In 2012, for example, the FTC fined Google $22.5 million for violating a 2011 settlement. “Facebook, I think, has gotten a lot better since the FTC went after them,” McGeveran says.

In Uber’s case, the FTC alleged in a complaint that the company claimed to follow “standard, industry-wide, commercially reasonable security practices” but often did not. For example, Uber left user data unencrypted on a cloud service that many people within the company could access, according to the FTC’s complaint. Plus the engineers who had access all used the same encryption keys. That’s a bit like leaving all its users’ personal data in unlocked filing cabinets inside a building for which every employee has a key. All it would take for an outsider to gain access was for an employee to leave their key in plain sight.
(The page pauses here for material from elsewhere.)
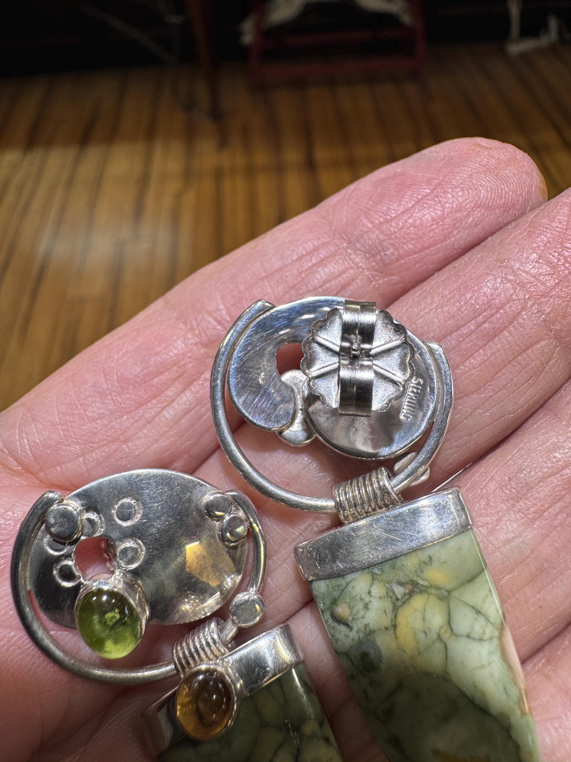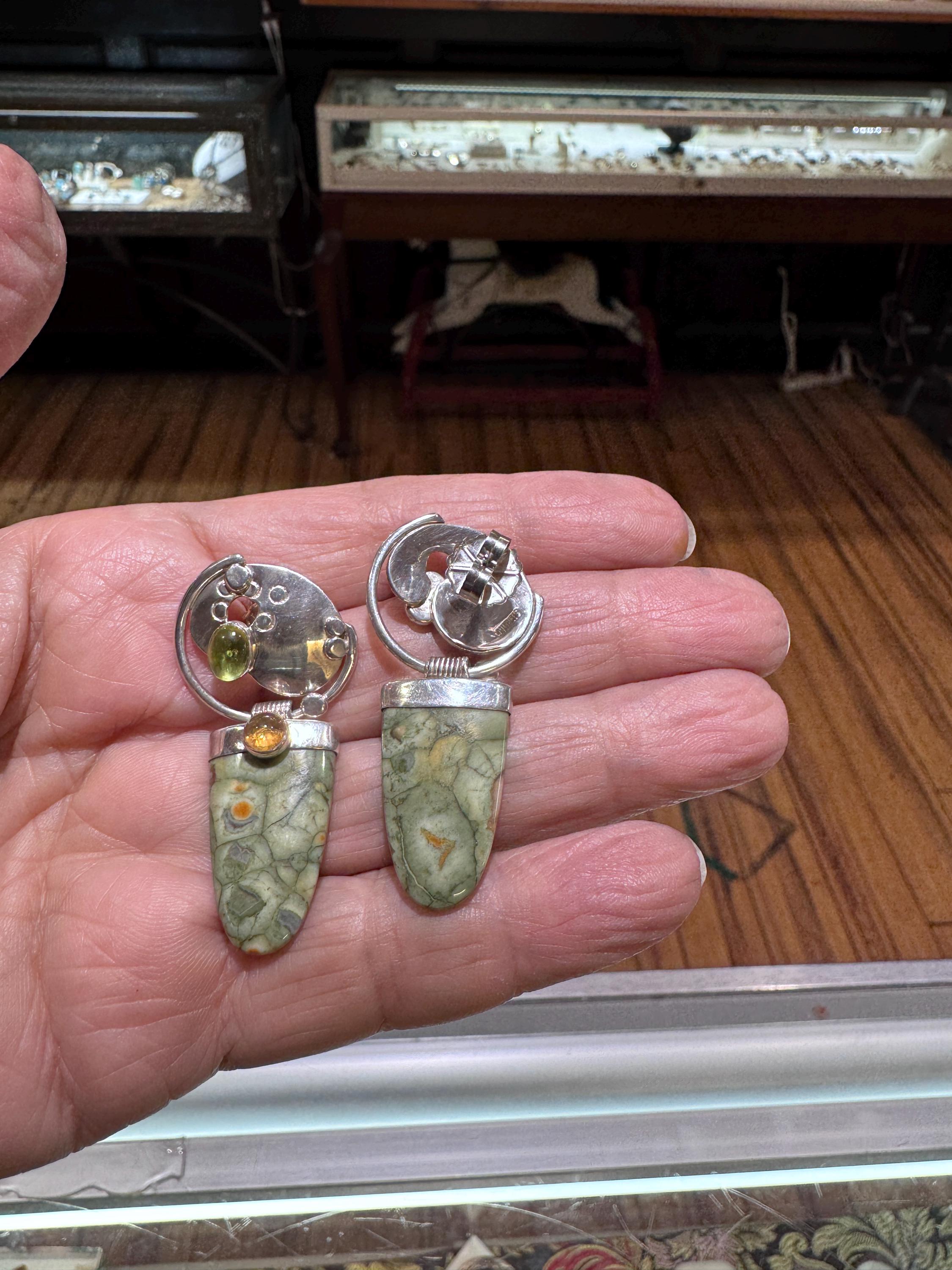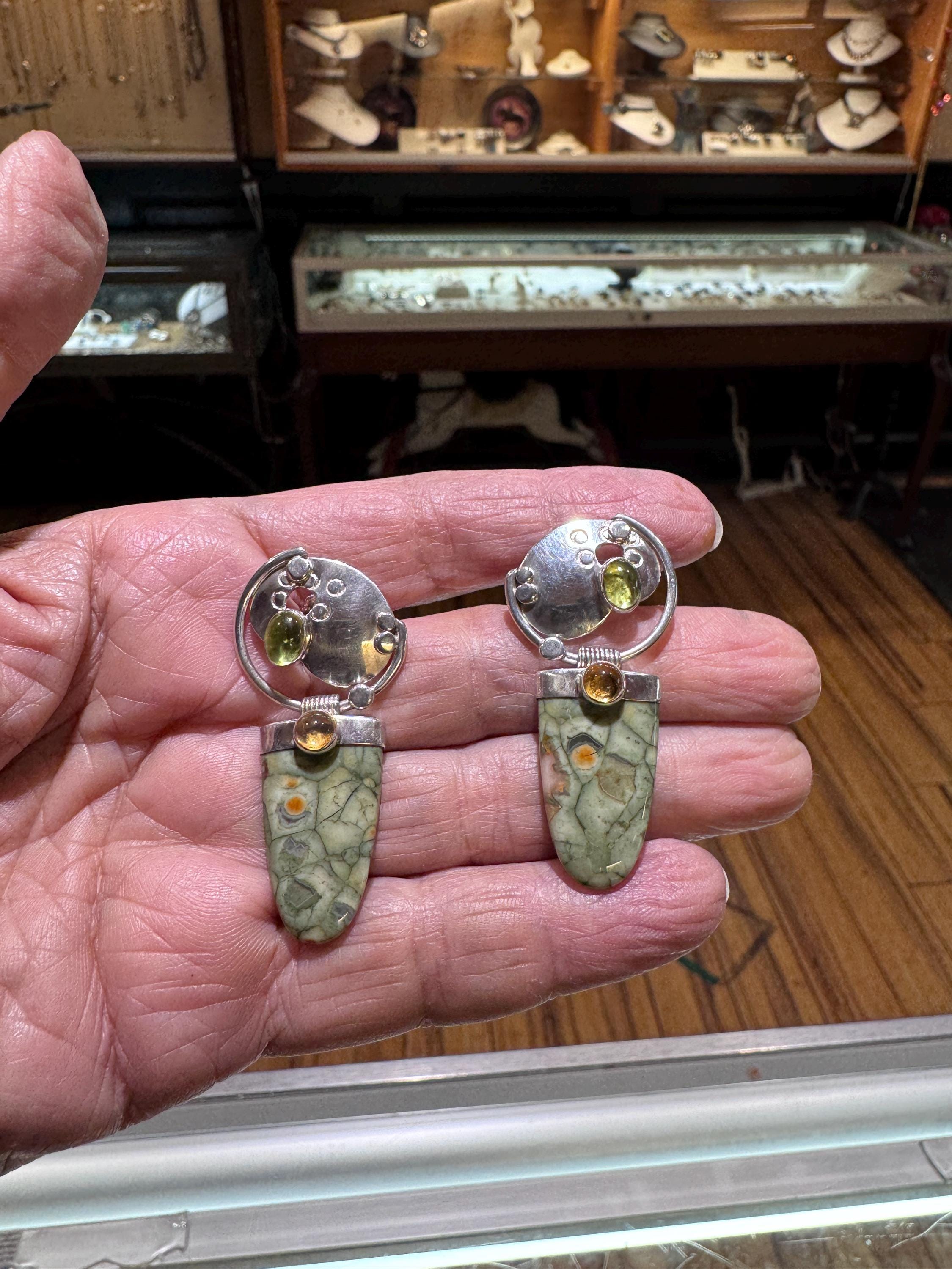 A wonderful pair of wearable art drop earrings. Sterling silver matches up great with the polished rainforest jasper which matches up even better with the peridot and citrine cabochons! A statement indeed! These are vintage and pre owned earrings, sold as is, in great ready to wear condition. Earrings are 1 7/8" long, the rainforest jasper measures 1" x 1/2". Peridot ovals are 6mm x 4mms and the citrines are 4.5mms round.

That’s exactly what happened in May 2014, the FTC complaint says, when someone breached Uber’s server using an encryption key that an engineer accidentally posted to a public website.

Tuesday’s agreement may not be the end of Uber’s problems with the FTC either. Hartzog says a recent paper by University of Washington law professor Ryan Calo and multidisciplinary researcher Alex Rosenblat of the research institute Data & Society points to other potential privacy concerns, such as monitoring how much battery power remains on a user’s device, because users with little juice might be willing to pay more for a ride.

“When a company can design an environment from scratch, track consumer behavior in that environment, and change the conditions throughout that environment based on what the firm observes, the possibilities to manipulate are legion,” Calo and Rosenblat write. “Companies can reach consumers at their most vulnerable, nudge them into overconsumption, and charge each consumer the most he or she may be willing to pay.”

Going after Uber and similar companies over less-visible privacy practices will be harder than making the case that led to Tuesday’s settlement, however. Consent decrees are a safe way to make a case stick, Hartzog explains. Given the FTC’s limited powers, it will be harder to convince a judge that a harsher penalty is warranted.